赦すことができなくて、ずっと苦しかった。

時間が経つと薄れていってしまうものに怯えている。

そのまま保っているためには、何かを犠牲にしなければならないのだろうか。


「私だっていろんなこと我慢してるのに」

普段は絶対に口にはしないそんな言葉を吐いて、ふと我に返った。きっとそれは私の本音で、甘えだったと思う。

弱いのに強いふりをしてしまうし、寂しいのに満たされているふりをしてしまう。

誰かに心情を吐露することすらも容易にできないのに、わかってほしいと思うなんて烏滸がましい。


人は容赦なく私に期待をぶつけてくる。過度な信頼を放り投げてくる。暴力だよ、それ。

「逃げていいんだよ」って言いながら、私の両手をちぎれるほどの強さで握ってくる。束縛だよ、それ。

空がどれだけ青く澄んでいたって、星がどれだけ綺麗に瞬いていたって、瞳を開けられなかったら意味がないじゃない。


彼女を赦そうと思う。

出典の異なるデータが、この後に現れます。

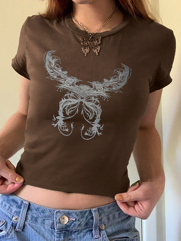 Vintage Brown Letter Print Short Sleeve Tee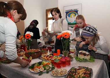 Уральскую тему в кулинарии раскрыли представители Воскресной школы «Малахит» храма в честь Праведного Симеона Верхотурского. Их стол был сервирован расписанными под малахит блюдами, в которых находились уральские постные пельмени, вареники и самая простая юшка, придуманная на Урале. Разнообразие и большой выбор рыбных блюд согласно уставу Вербного воскресенья продемонстрировала Воскресная школа «Патмос» храма во имя Святых Жен-Мироносиц в Марьино.

今朝、電車に揺られながらそんなことを考えていた。

彼女を赦すことで、私自身をも赦すことになるのだろうか。

赦すという行為で救われるものがいくつあるのだろう。救われる人が何人いるのだろう。


ずっと憧れていた。彼女のようになりたかった。出逢ったその瞬間から恋をした。同じ目線で言葉を紡ぎ合えることが嬉しくてたまらなかった。彼女の生きる理由でいたかった。彼女の弱さを受け入れてあげたかった。彼女の逃げ場でありたかった。

あれは、あの感情はきっと、依存に近いものだった。

彼女を救った気になって、救われていたのは私だった。

私の人生は、彼女の存在をなくしては語れないと思う。

ありがとう。まだ幼くて、未熟なあの頃の私と君。


変わりたくて、変われなくて、変えたくて、変わらなくて、絶望した。変化を好むくせに変化を嫌うなんて、人間って勝手な生き物だ。

どう足掻いたって、私と君が交わる世界線なんて存在しなかっただろうね。



私を赦せなかったのは、他の誰でもなく、私自身だったのかもしれない。